= WHAT THE EXERCISE ASKS =
Copy only what lies from the line containing "21일까지 진행된다. 예" through the line containing "This bingo card" in the entries below, keeping both end lines exact and dropping every picture.

= SOURCE RECORDS =
=-=-=-=-=

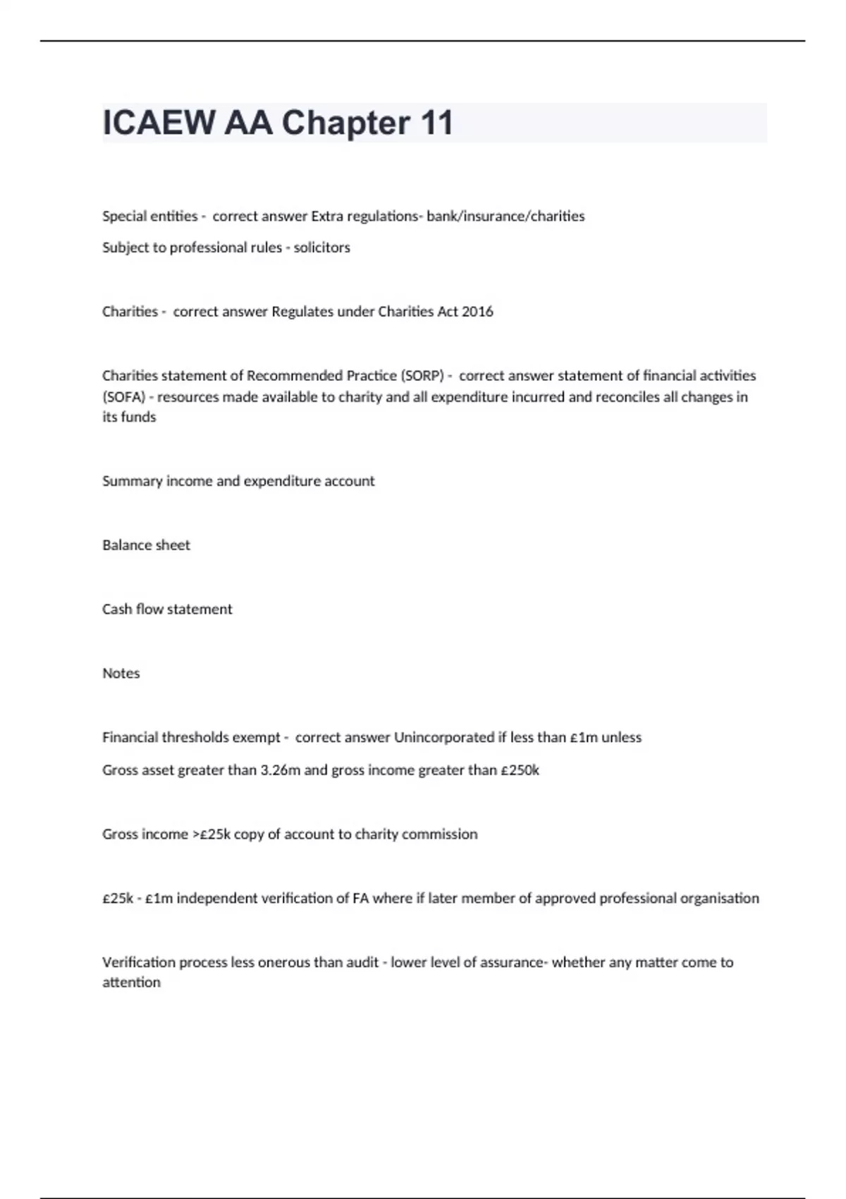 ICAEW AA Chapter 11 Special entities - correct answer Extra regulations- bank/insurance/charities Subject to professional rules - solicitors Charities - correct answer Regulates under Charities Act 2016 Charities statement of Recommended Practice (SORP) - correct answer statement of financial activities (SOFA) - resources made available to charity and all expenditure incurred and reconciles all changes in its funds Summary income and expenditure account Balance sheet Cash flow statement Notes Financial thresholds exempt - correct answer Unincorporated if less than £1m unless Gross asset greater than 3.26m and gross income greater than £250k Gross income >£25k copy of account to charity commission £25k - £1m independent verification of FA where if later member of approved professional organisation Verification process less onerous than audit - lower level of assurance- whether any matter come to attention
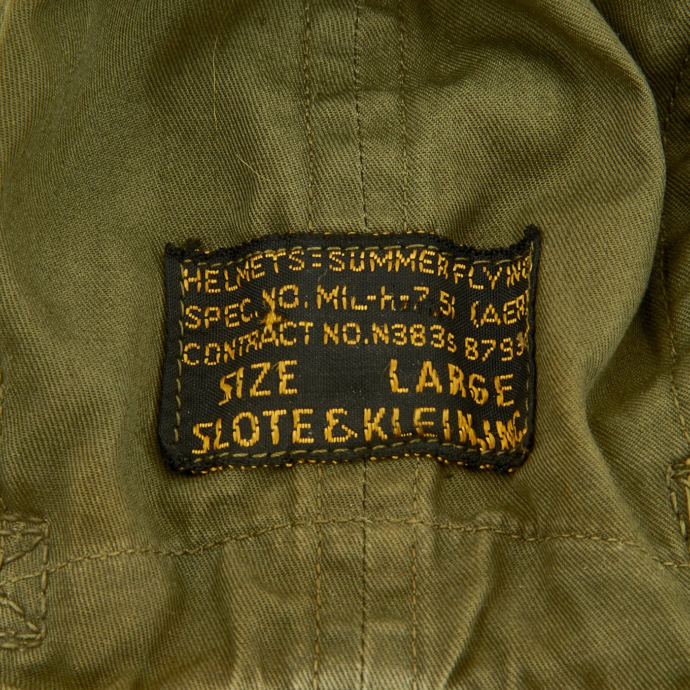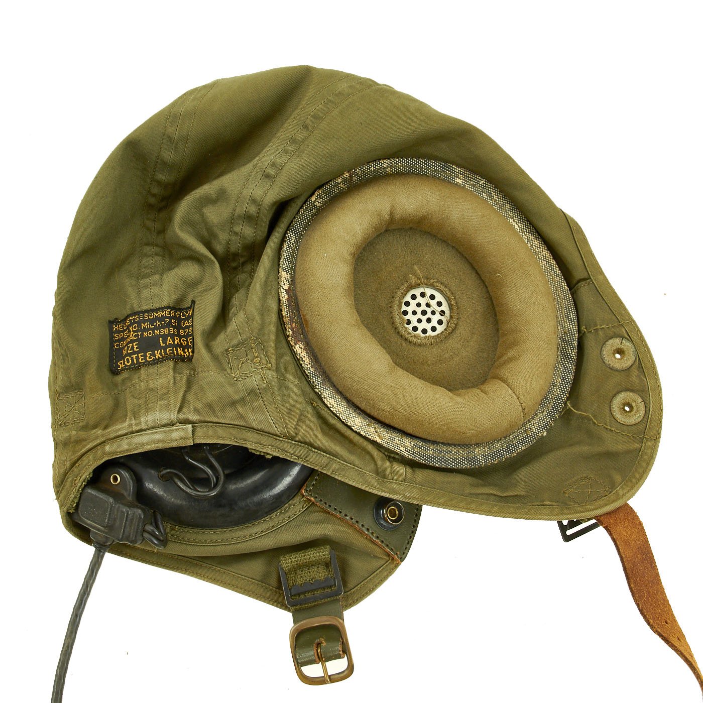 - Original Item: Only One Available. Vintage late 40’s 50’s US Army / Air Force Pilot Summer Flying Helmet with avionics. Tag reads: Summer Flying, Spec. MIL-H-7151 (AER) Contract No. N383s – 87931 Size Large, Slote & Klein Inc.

=-=-=-=-=

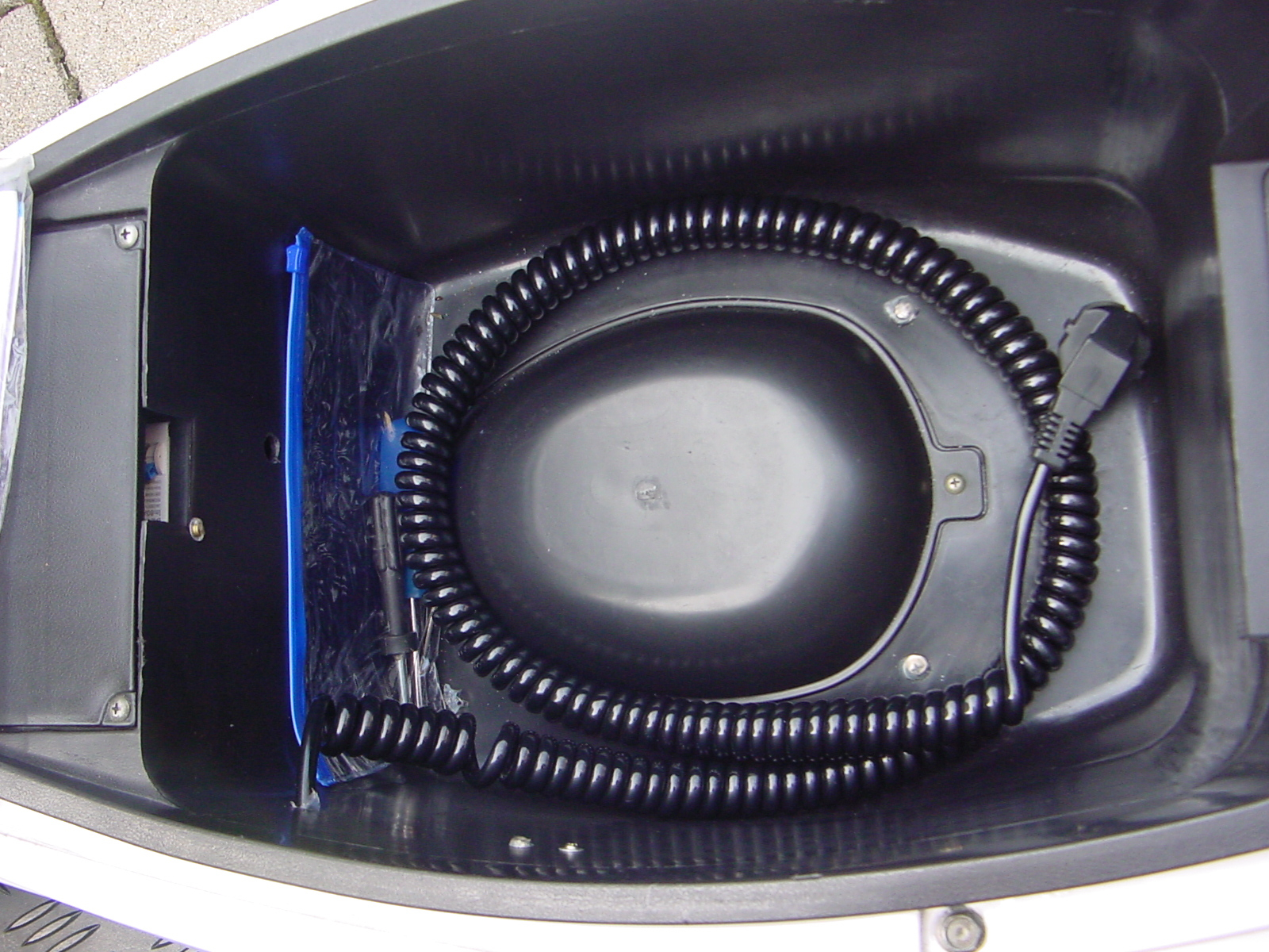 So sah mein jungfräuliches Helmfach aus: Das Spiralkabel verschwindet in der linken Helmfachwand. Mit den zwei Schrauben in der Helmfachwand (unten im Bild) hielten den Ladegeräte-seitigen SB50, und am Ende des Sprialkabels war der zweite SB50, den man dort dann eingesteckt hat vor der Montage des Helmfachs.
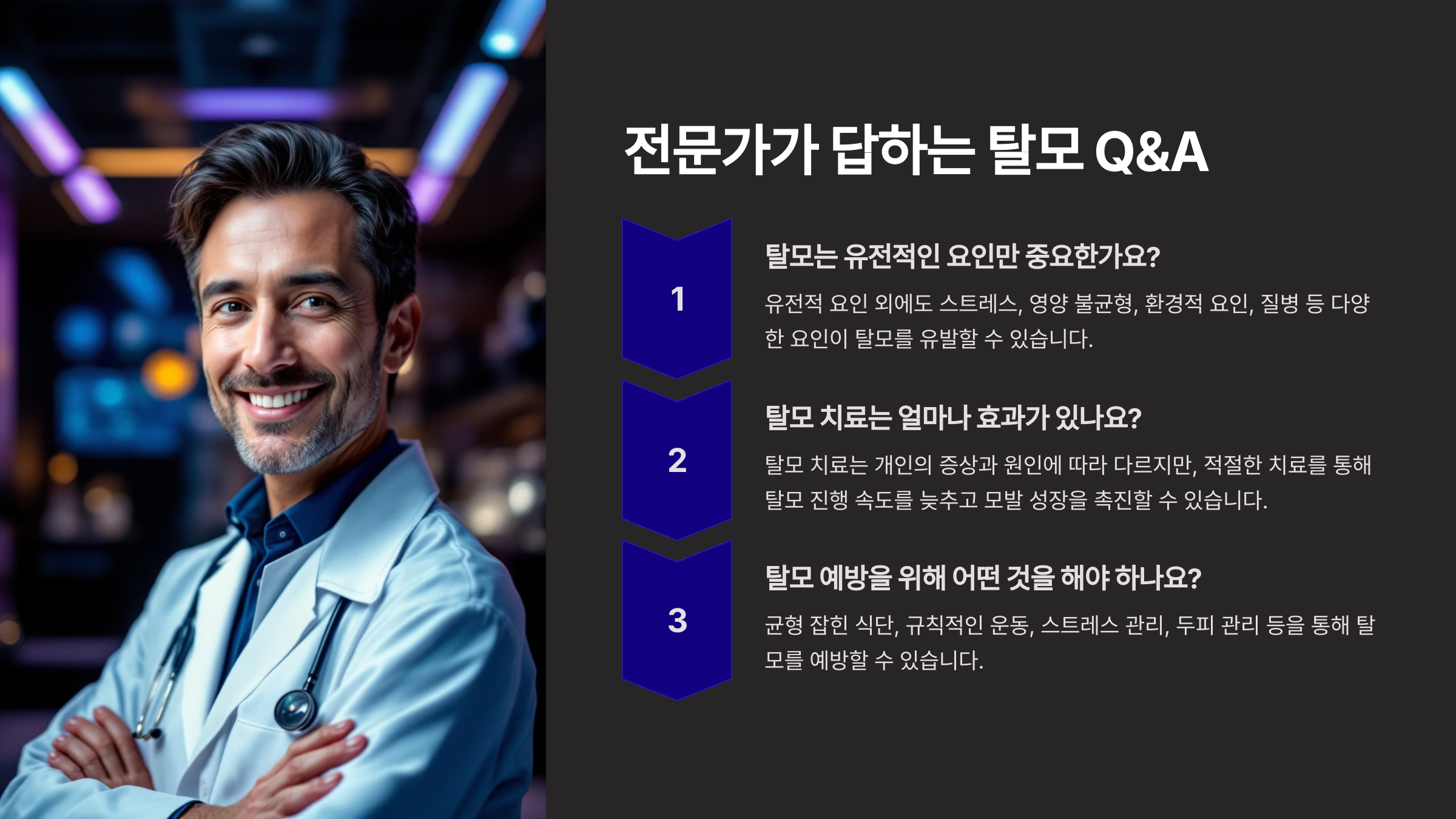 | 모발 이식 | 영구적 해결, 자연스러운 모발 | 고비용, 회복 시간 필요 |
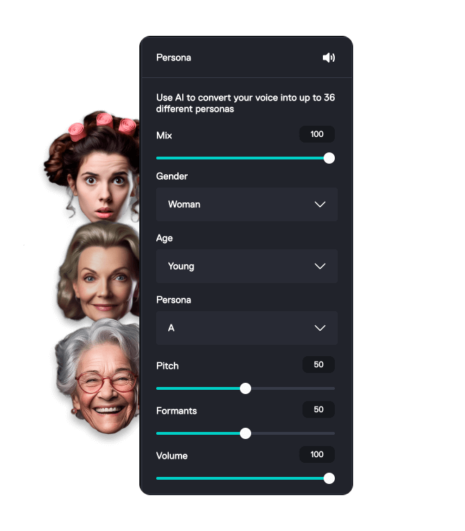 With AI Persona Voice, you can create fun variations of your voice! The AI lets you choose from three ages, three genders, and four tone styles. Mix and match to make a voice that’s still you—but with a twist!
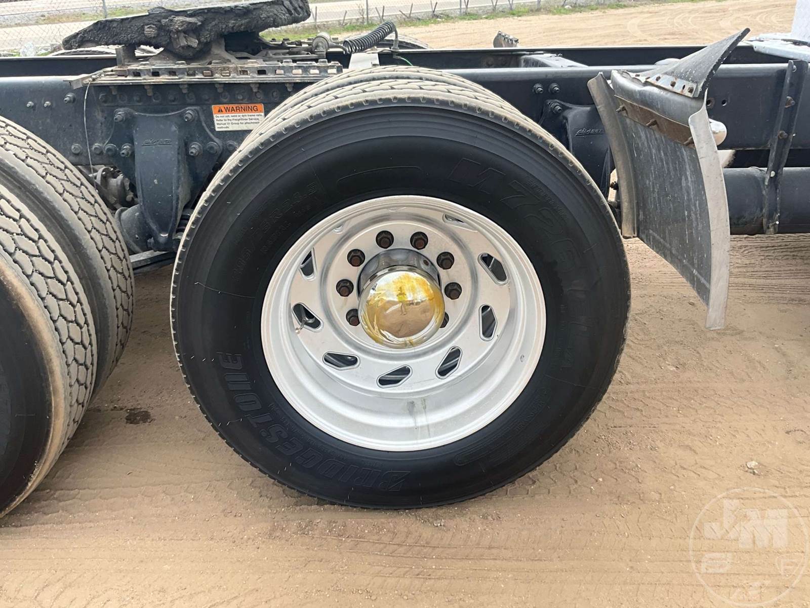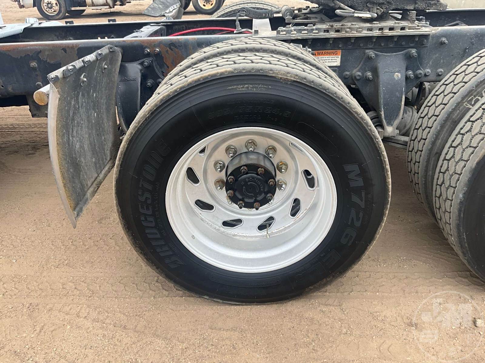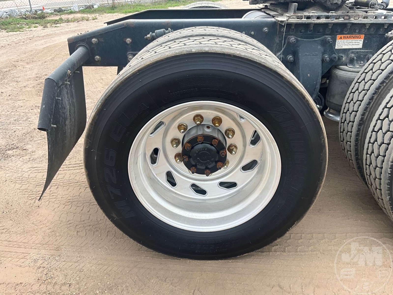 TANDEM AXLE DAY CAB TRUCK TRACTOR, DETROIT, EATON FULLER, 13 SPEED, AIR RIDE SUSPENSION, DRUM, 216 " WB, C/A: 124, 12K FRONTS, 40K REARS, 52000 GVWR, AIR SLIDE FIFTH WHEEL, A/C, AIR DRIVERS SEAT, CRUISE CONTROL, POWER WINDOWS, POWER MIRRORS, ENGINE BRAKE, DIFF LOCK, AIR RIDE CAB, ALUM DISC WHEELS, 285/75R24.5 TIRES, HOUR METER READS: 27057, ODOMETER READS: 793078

=-=-=-=-=

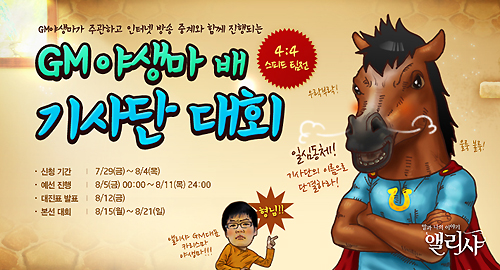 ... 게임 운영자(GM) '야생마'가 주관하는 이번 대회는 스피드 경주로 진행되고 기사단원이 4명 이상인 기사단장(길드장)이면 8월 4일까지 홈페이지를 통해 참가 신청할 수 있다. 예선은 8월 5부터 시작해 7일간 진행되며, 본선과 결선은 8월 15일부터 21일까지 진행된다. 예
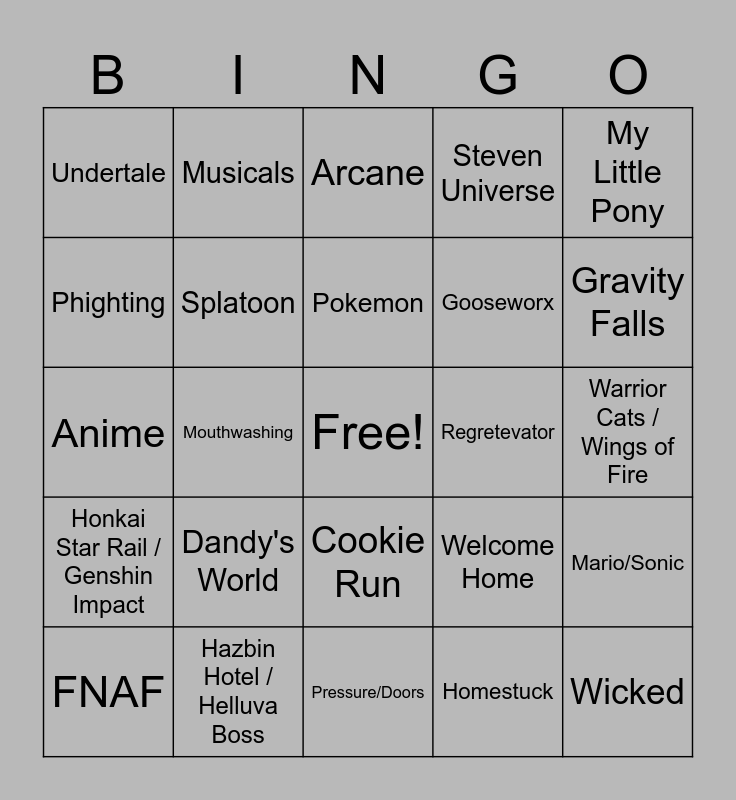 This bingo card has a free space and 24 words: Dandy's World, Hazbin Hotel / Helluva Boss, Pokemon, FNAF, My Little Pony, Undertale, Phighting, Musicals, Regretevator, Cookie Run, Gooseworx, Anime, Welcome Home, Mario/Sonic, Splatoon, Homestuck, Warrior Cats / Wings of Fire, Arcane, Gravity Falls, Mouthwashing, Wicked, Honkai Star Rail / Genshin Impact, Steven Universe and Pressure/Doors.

=-=-=-=-=

= TASK SOLUTION =
 ... 게임 운영자(GM) '야생마'가 주관하는 이번 대회는 스피드 경주로 진행되고 기사단원이 4명 이상인 기사단장(길드장)이면 8월 4일까지 홈페이지를 통해 참가 신청할 수 있다. 예선은 8월 5부터 시작해 7일간 진행되며, 본선과 결선은 8월 15일부터 21일까지 진행된다. 예
 This bingo card has a free space and 24 words: Dandy's World, Hazbin Hotel / Helluva Boss, Pokemon, FNAF, My Little Pony, Undertale, Phighting, Musicals, Regretevator, Cookie Run, Gooseworx, Anime, Welcome Home, Mario/Sonic, Splatoon, Homestuck, Warrior Cats / Wings of Fire, Arcane, Gravity Falls, Mouthwashing, Wicked, Honkai Star Rail / Genshin Impact, Steven Universe and Pressure/Doors.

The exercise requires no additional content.